# What you will do:
With the pictures left out, return exactly the lines from the one containing "Photo aérienne prise" through the end of the listing below.

# Task inputs:
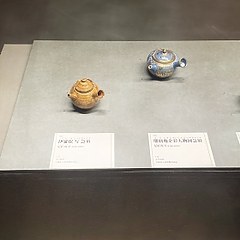 彩绘罗汉图急须,铭「为花月庵茶伯 周平造」,初代尾形周平作,田中鹤翁所用
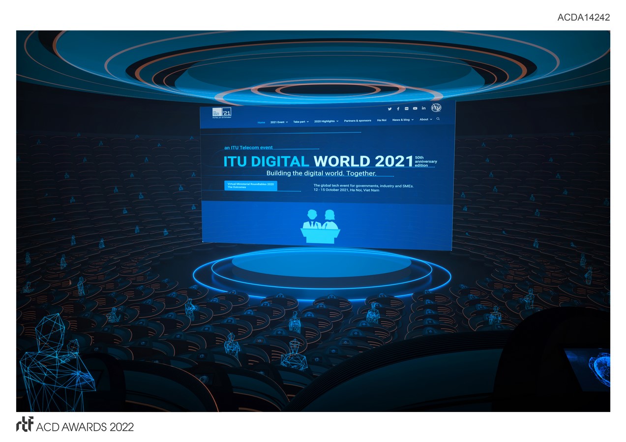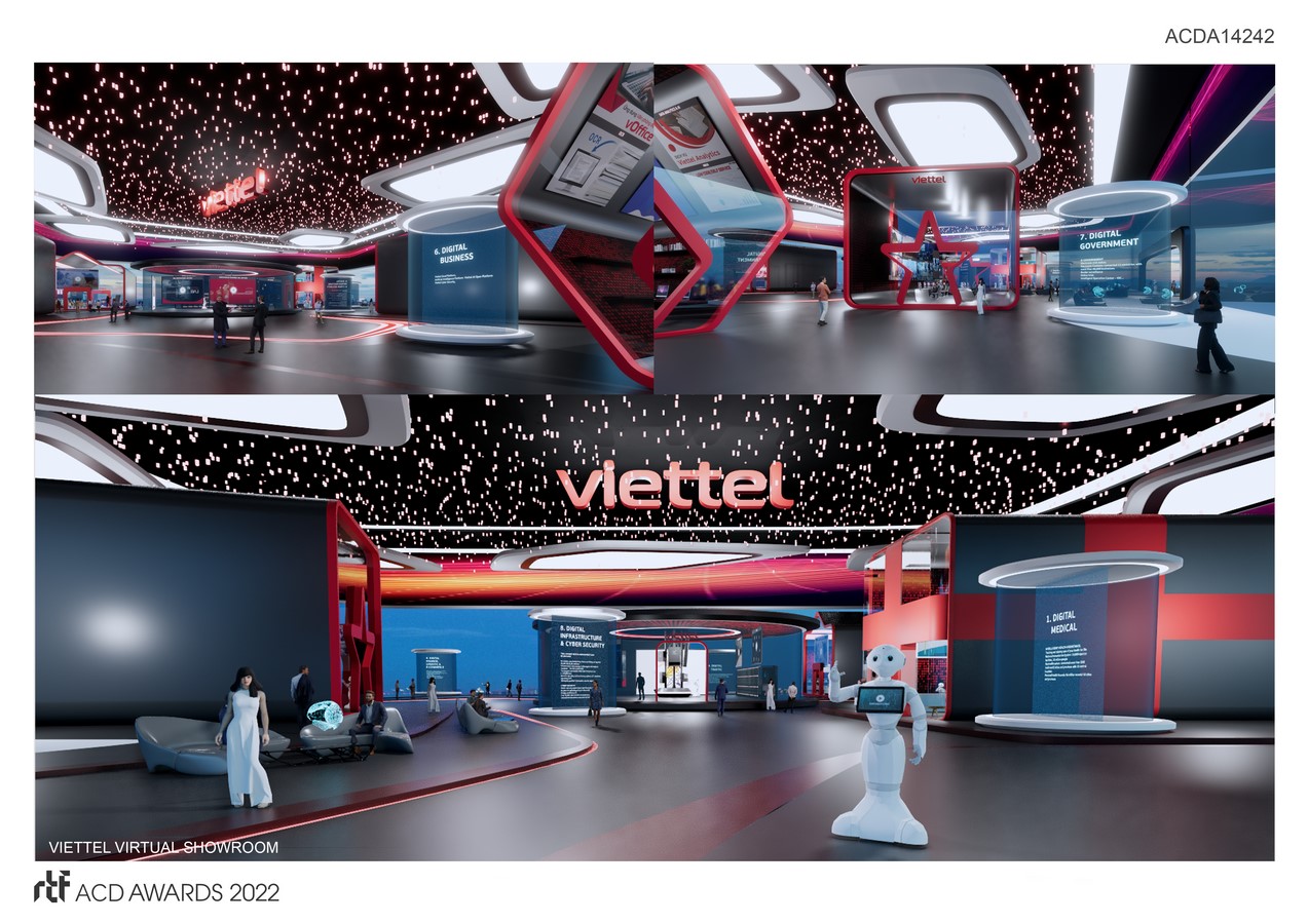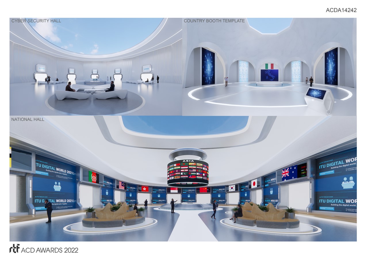 The form of the ehibition represent a virtual structure “ on the clouds”, create a globally connected network infastructure. Main structure is located in diffirent landmarks of Vietnam, with lobby spaces and booths designed in a futuristic style but still combining traditional cultural elements of Vietnam, creating a new identity of Vietnamese architecture in the digital era. Using parametric and computational design method, the design optimized the use of digital tool to create space that can be experience in multi devices, create a exprientail journey from ground to sky, form cutural to technology, from national to global developments.
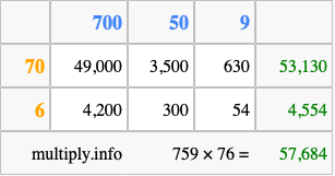 Finally, we add up all the sums we found in step 3 to get our final answer to 759 times 76.
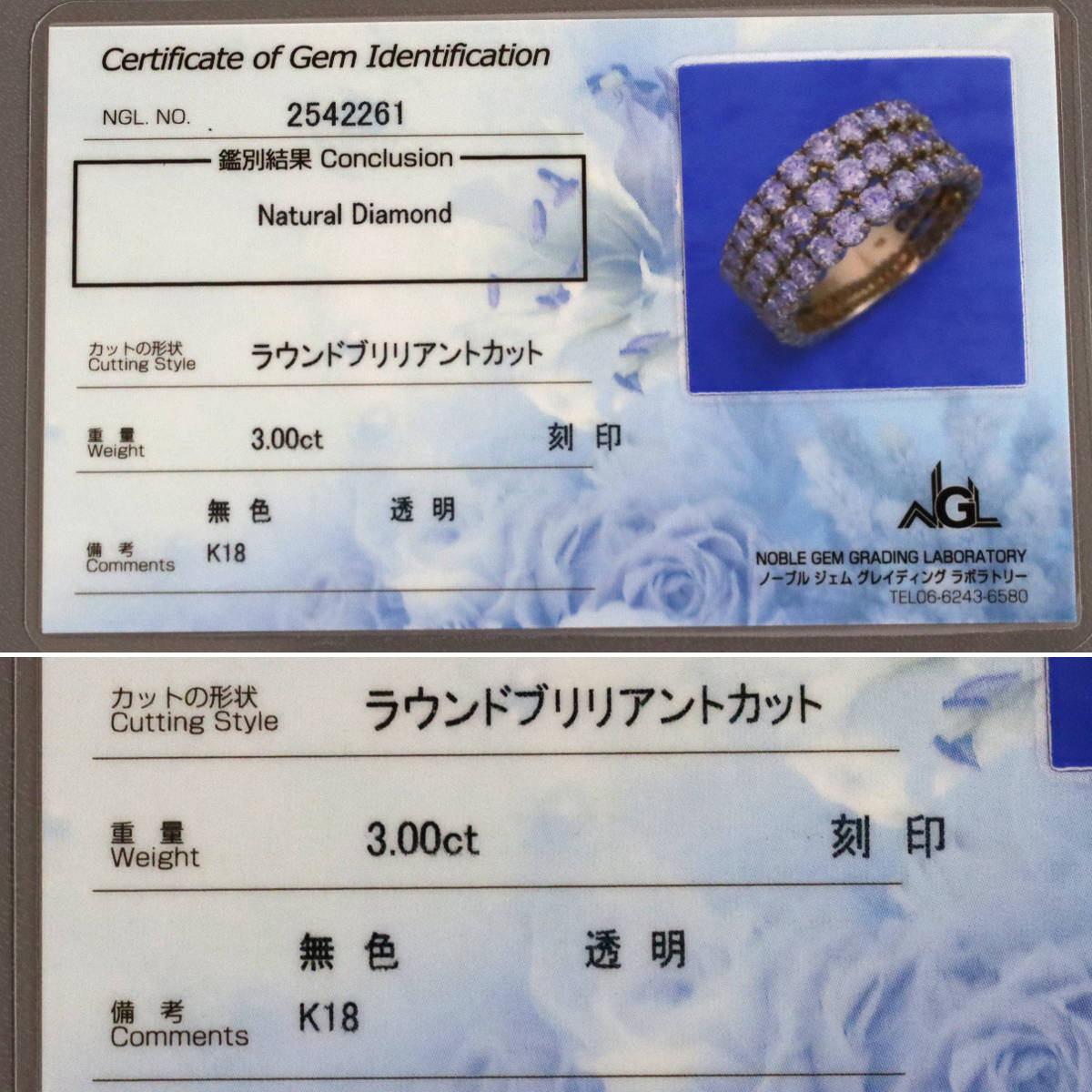 K18ダイヤモンドリング D3.00 5.2g #12 鑑別カード
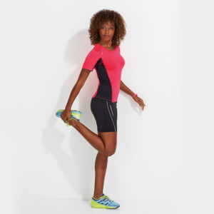Женская футболка с рукавами реглан для занятий спортом со светоотражающими элементами. Боковые вставки из "дышащей" сетки предназначены для вентиляции и отвода влаги.
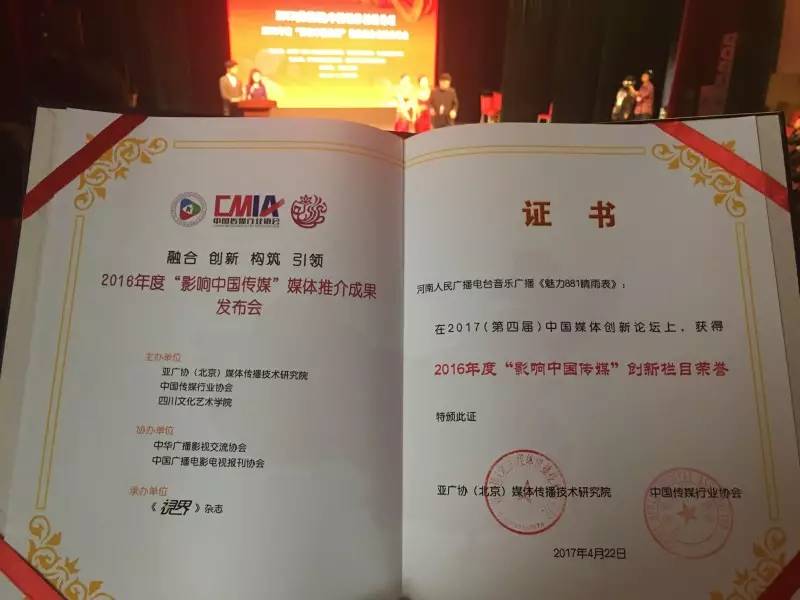 魅力881河南音樂廣播獲“最具創新力媒體”獎
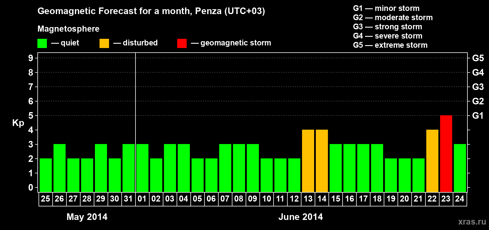 Geomagnetic storm forecast in Penza for May 25, 2014
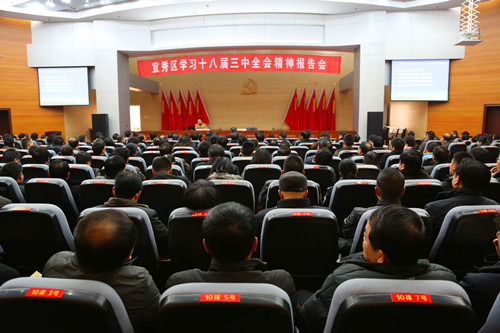 會議要求全區各級黨組織要把認真學習領會全會精神,把全會精神和當前各項工作有機的結合起來,轉化為推動工作的內在動力。要突出重點,充分認識學習黨的十八屆三中全會精神的重大意義,用全會精神指導和推動宜秀經濟社會持續健康發展;各單位、各部門要按照區委的統一部署,結合實際、精心組織,周密安排,迅速掀起學習黨的十八屆三中全會精神熱潮,匯聚起推動改革發展的強大思想動力,并轉化成在大宜城建設中爭當排頭兵的實際行動;要聯系實際,把學習貫徹黨的十八屆三中全會精神和學習當前區委二屆四次全體(擴大)會議精神和謀劃明年的工作有機結合起來,統籌兼顧,扎實推進,同學習、同貫徹、同部署,確保學習和工作兩手抓、兩不誤、兩促進。(葉帥)
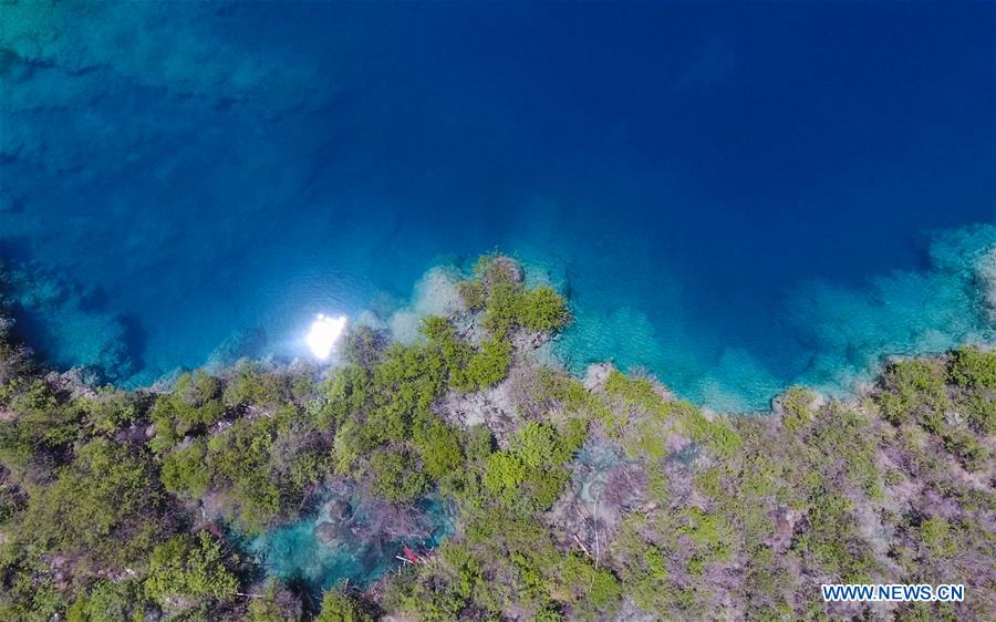 Photo aérienne prise le 5 juin 2019 montrant la vue du lac Jinghai dans le Parc national de Jiuzhaigou dans la province du Sichuan (sud-ouest de la Chine). (Xinhua/Xue Yubin)
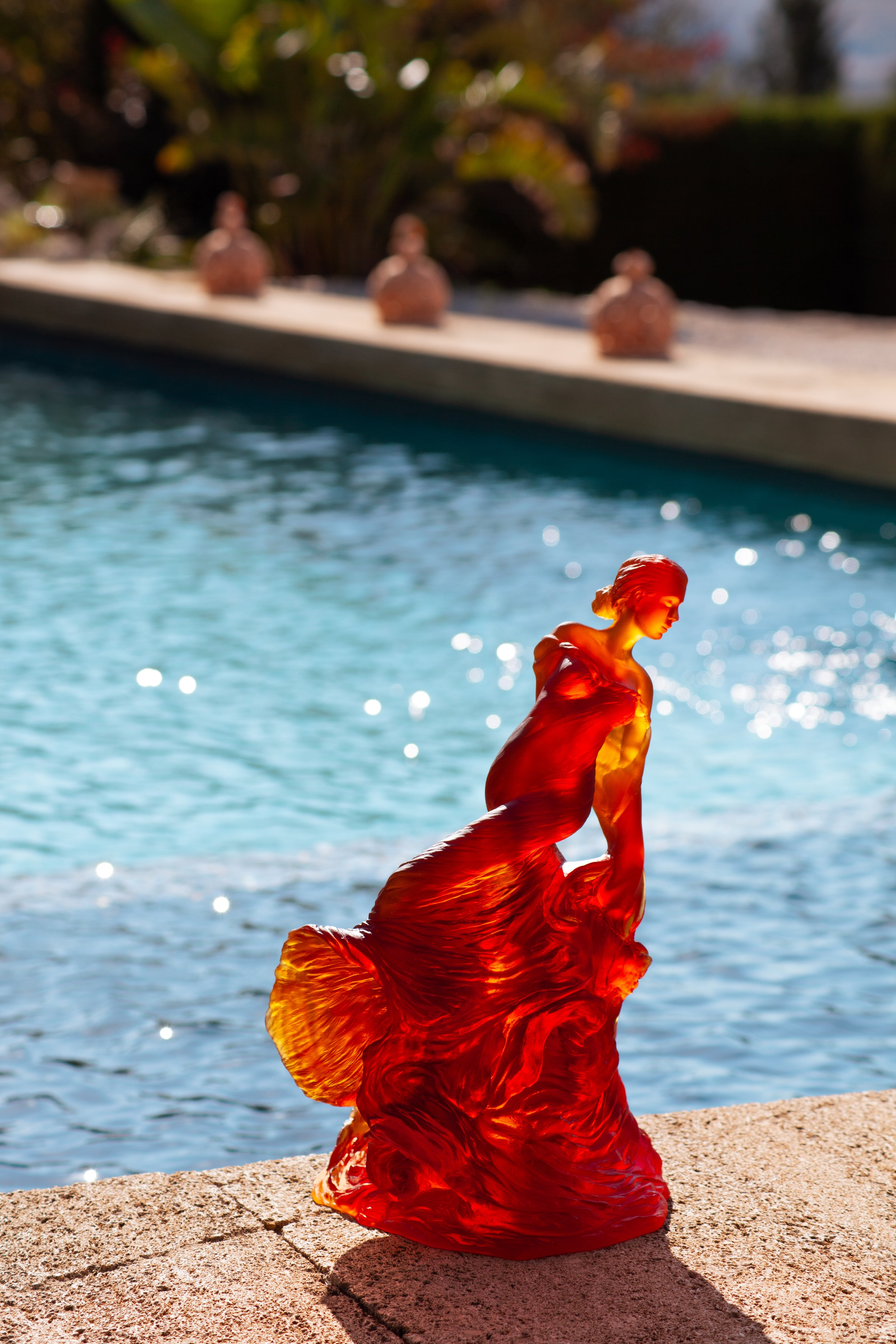 Daum's feminine sculptures embody a beauty in perpetual metamorphosis, mirroring nature's changing seasons. In spring, rosy or tender green hues evoke the awakening of spring, a symbol of renewal and vitality. In summer, amber silhouettes are adorned with a solar intensity, diffusing warmth and brilliance in a bright living room. Autumn is reflected in golden and fawn shades, recalling the softness of a comforting golden light. Finally, winter reveals the power of deep blues and icy violets, creating an atmosphere of calm and contemplation.
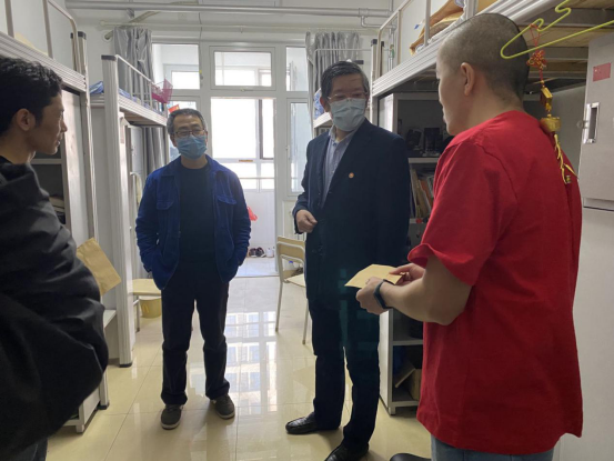 党委书记郑倩、院长刘森林、党委副书记李永卫带领学院学工队伍一行5人,前往学生宿舍慰问学院留校学生,全面了解学生情况,为学生送去慰问物资,表达了学院深切的关怀。
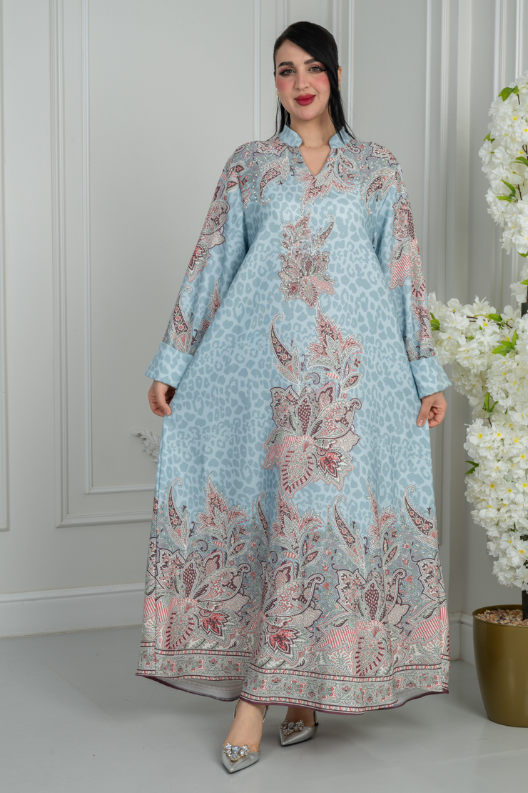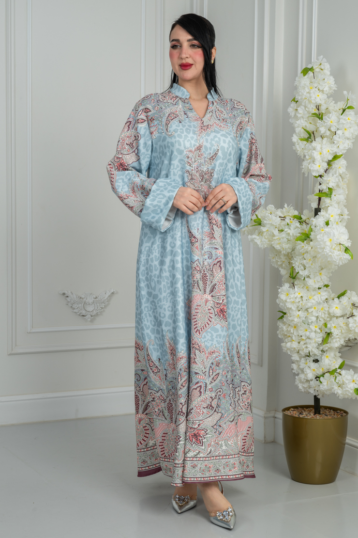 جلابية بلون أزرق فاتح مع نقشة وردية لإطلالة أنثوية مميزة.
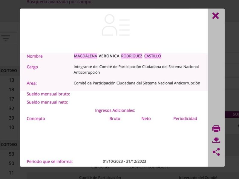 El sueldo que percibe la presidenta nacional del sistema anticorrupción no aparece en la Plataforma Nacional de Transparencia en el rubro de sueldos, aunque según Magdalena Rodríguez Castillo, su información ha sido entregada a dicha instancia. Con un sueldo bruto de poco más de 120 mil pesos, que quedan tras deducciones en poco más de 80 mil pesos, Rodríguez Castillo aseguró que cumple con los requerimientos que tiene como sujeto obligado, aunque dijo desconocer por…

# Solution for this problem:
 Photo aérienne prise le 5 juin 2019 montrant la vue du lac Jinghai dans le Parc national de Jiuzhaigou dans la province du Sichuan (sud-ouest de la Chine). (Xinhua/Xue Yubin)
 Daum's feminine sculptures embody a beauty in perpetual metamorphosis, mirroring nature's changing seasons. In spring, rosy or tender green hues evoke the awakening of spring, a symbol of renewal and vitality. In summer, amber silhouettes are adorned with a solar intensity, diffusing warmth and brilliance in a bright living room. Autumn is reflected in golden and fawn shades, recalling the softness of a comforting golden light. Finally, winter reveals the power of deep blues and icy violets, creating an atmosphere of calm and contemplation.
 党委书记郑倩、院长刘森林、党委副书记李永卫带领学院学工队伍一行5人,前往学生宿舍慰问学院留校学生,全面了解学生情况,为学生送去慰问物资,表达了学院深切的关怀。
 جلابية بلون أزرق فاتح مع نقشة وردية لإطلالة أنثوية مميزة.
 El sueldo que percibe la presidenta nacional del sistema anticorrupción no aparece en la Plataforma Nacional de Transparencia en el rubro de sueldos, aunque según Magdalena Rodríguez Castillo, su información ha sido entregada a dicha instancia. Con un sueldo bruto de poco más de 120 mil pesos, que quedan tras deducciones en poco más de 80 mil pesos, Rodríguez Castillo aseguró que cumple con los requerimientos que tiene como sujeto obligado, aunque dijo desconocer por…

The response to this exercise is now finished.